Chez Save My Brain, on aime Jérémy Ferrari. On l’aime en solo sur scène, on l’aime quand il partage la scène avec Baptiste Lecaplain et Arnaud Tsamere, et désormais on l’aime aussi quand il passe derrière la caméra. Oui, Jérémy Ferrari réalisateur, c’est une réalité, et franchement … vivement le prochain film ( peut-être avec le trio ?)
On a profité de la tournée des avant-premières pour découvrir Les K d’Or, son tout premier long-métrage qui sortira en salles le 11 mars. Et autant le dire tout de suite : on est ressorti avec un grand sourire et une seule frustration, celle de ne pas en avoir eu plus.
L’histoire est complètement folle, donc forcément séduisante.
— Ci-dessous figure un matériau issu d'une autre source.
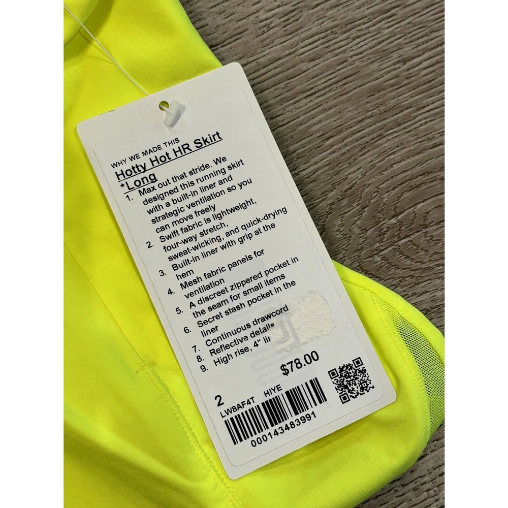 NWT LULULEMON Hotty Hot HR Skirt Long SZ 2 HIYE Highlighter Yellow Golf Tennis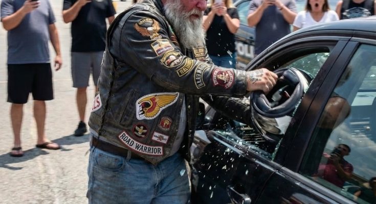 On a sweltering 97-degree Saturday, the parking lot was shimmering with heat when a massive, tattooed biker named Earl rumbled into view. I watched from a distance as he pulled a tire iron from his saddlebag and shattered the driver-side window of a luxury black BMW. Terrified and acting on impulse, I immediately dialed 911 to report a violent crime in progress, assuming I was witnessing a brazen theft or an act of senseless vandalism. My heart pounded with fear as Earl reached into the glass-strewn interior, but my perception shifted instantly when he pulled out a limp, blotchy infant instead of a stereo or a handbag.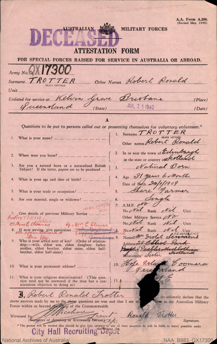 Robert Ronald Trotter was born in Edinburgh, Scotland on the 29th of January 1909 to Mr Robert Trotter and Mrs Helen Trotter (nee Simpson). Robert had at least one sibling, his older sister Violet. I believe that he had other siblings, however I cannot be certain as the official Scottish registry provides limited information. Robert migrated to Australia in 1926 aged 17, arriving in Queensland on 13th of September 1926 on the ship Euripides. He seems to have lived in various locations across Queensland with his last address listed as Hope Island, where he made a living as a share farmer. Although he listed his sister Mrs Violet Semmens as his next of kin, he was engaged to a young widow from Brisbane called Mrs Eva Cleave.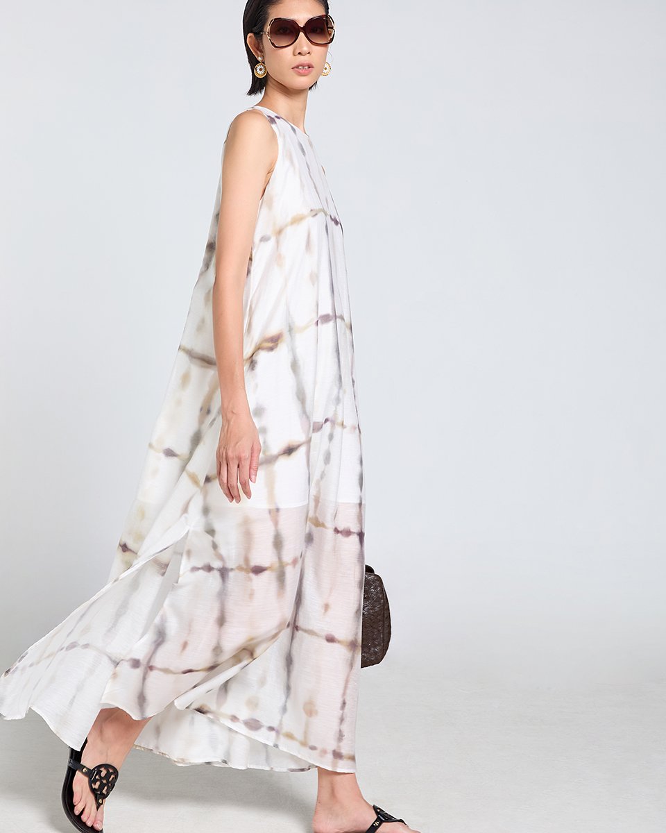 Đầm Lụa Nữ Trắng Họa Tiết Tie-dye Dịu Dàng - Thanh lịch và bay bổng
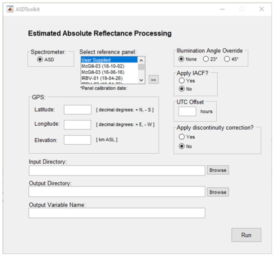 The ASDToolkit user interface (Figure 5) consists of a graphical user interface (GUI) with one main window where the user selects the inputs and processing options. Inputs may be supplied to the appropriate fields in any order; however, all input fields are required. Upon launching the ASDToolkit executable, the user is presented with the main interface window. There are several options for processing Rratio files, including multiple selection choices for the reference panel to use, an option to apply an incident angle correction factor (IACF) to account for the time offset between collection of the reference measurement and target measurements (calculated from the embedded time stamp and provided location coordinates), an option to apply a spectral discontinuity correction at the cross-over wavelengths between the three spectrometers (i.e., 1000 and 1800 nm), and options to override the illumination conditions using two common lab-based illumination and viewing geometries. These options and necessary inputs are described in detail below.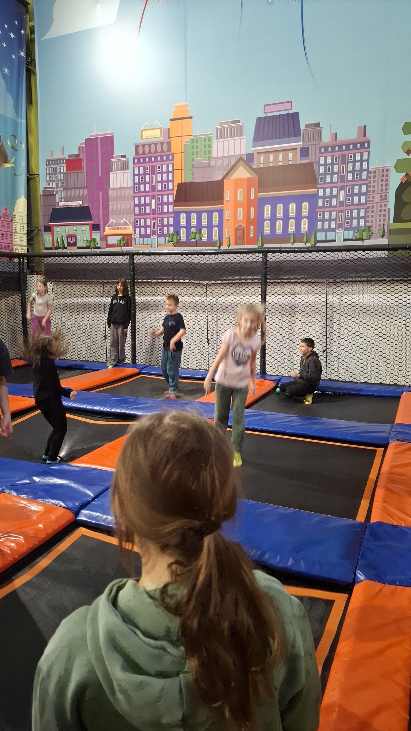 W ramach tegorocznych półkolonii zimowych uczestnicy wzięli udział w wyjeździe do Park Trampolin Happy Jumper w Tarnowskich Górach. Była to jedna z najbardziej wyczekiwanych atrakcji, zapewniająca dzieciom dużą dawkę ruchu, energii oraz świetnej zabawy. Podczas pobytu w parku uczestnicy korzystali z różnorodnych stref trampolin, torów przeszkód, basenów z gąbkami oraz stanowisk do akrobatyki. Instruktorzy czuwali nad bezpieczeństwem dzieci, prowadząc krótkie szkolenie dotyczące zasad korzystania z urządzeń oraz właściwego zachowania na trampolinach. Wyjazd sprzyjał integracji uczestników, rozwijaniu koordynacji ruchowej, równowagi i ogólnej sprawności fizycznej. Dzieci z ogromnym zaangażowaniem brały udział w aktywnościach i chętnie podejmowały nowe wyzwania. Humory dopisywały wszystkim, a radość i satysfakcja po zajęciach były widoczne na twarzach uczestników. Aktywność w Parku Trampolin okazała się doskonałym połączeniem sportu i zabawy, a sam wyjazd stał się jednym z ulubionych punktów programu półkolonii.

Noé aurait un père pour le moins atypique puisque, d’après sa mère, il serait le fils caché de Kadhafi. Devenu chasseur de trésors, il se met en tête de retrouver l’or supposément disséminé dans le Sahel après la mort du dictateur. Pour mener à bien cette quête improbable, il s’entoure d’une équipe à son image : improbable mais terriblement attachante. Zoulika, anciennement Louise, fraîchement sortie d’un centre de réinsertion civique, est aussi solaire qu’incontrôlable. Ryan, 52 ans, malvoyant et inscrit au Marathon des Sables, . Le marathon devient la couverture parfaite pour traverser les frontières sans éveiller les soupçons.
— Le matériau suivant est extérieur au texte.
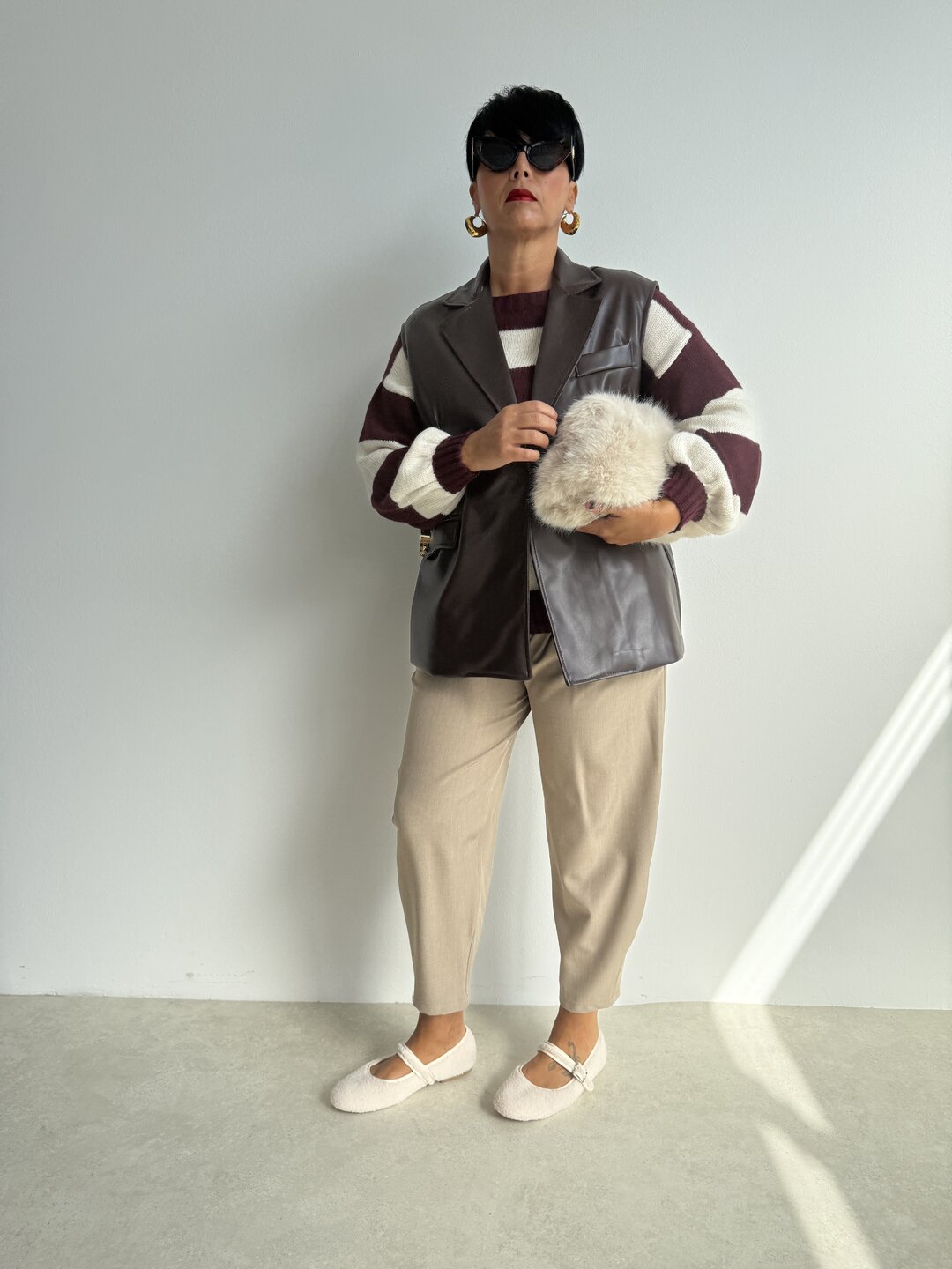 Gilet ecopelle cintura BIRKIN - cioccolato

Pendant une heure trente, le film déroule son aventure avec un vrai sens du rythme. On rit beaucoup, on est surpris souvent, et on est touchés. Tout s’enchaîne avec fluidité, comme une partition parfaitement maîtrisée. L’absurde est assumé, les dialogues font mouche, et l’émotion arrive là où on ne l’attend pas.
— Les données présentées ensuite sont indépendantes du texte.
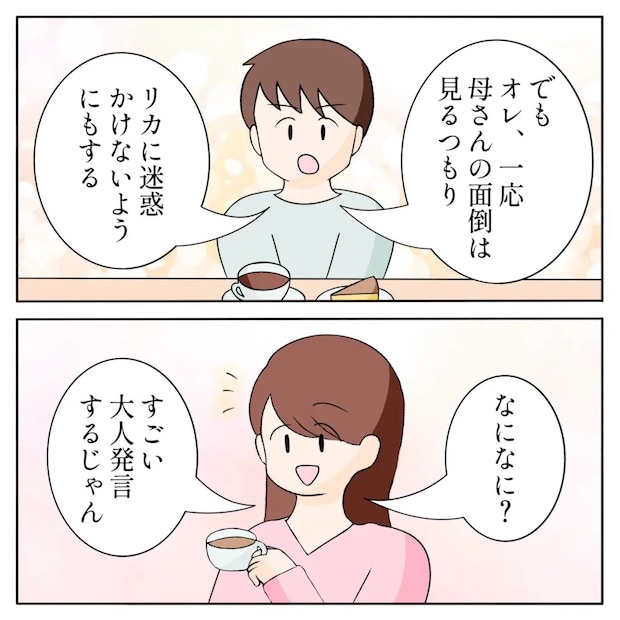 誰も連絡を取らず、実家にも行かなくなってしまって寂しい母のことを可哀想だと言った私ですが、シュウトは「自業自得」と言いました。「でもオレ、一応母さんの面倒は見るつもり。」とシュウトはきっぱり宣言しました。弟が誇らしく思えて「すごい大人発言するじゃん」と言いました。

Ce qui frappe aussi, c’est l’intelligence de Jérémy Ferrari qui choisit de se mettre légèrement en retrait pour laisser briller ses partenaires. Laura Felpin est bluffante, naviguant entre fragilité et chaos avec une aisance impressionnante. Eric Judor apporte cette touche lunaire et sensible qu’il maîtrise à la perfection. Ensemble, le trio fonctionne à merveille. Il y a une vraie alchimie, un équilibre qui rend chaque scène crédible malgré la folie du scénario.
Et puis il y a Bobby, le chien à trois pattes, la vraie star du film. Impossible de résister à cette bouille d’amour qui rafle tout le capital sympathie à chacune de ses apparitions.
Et si tu aimes la musique de ce film, elle est signée Chinese Man
En sortant, on s’est dit une chose très simple : on espère que ce premier film rencontrera son public. Parce que si c’est le début d’une nouvelle aventure cinématographique pour Jérémy Ferrari, on est clairement prêts à signer pour un deuxième, un troisième, et plus si affinités. Le 11 mars, on sera au rendez-vous.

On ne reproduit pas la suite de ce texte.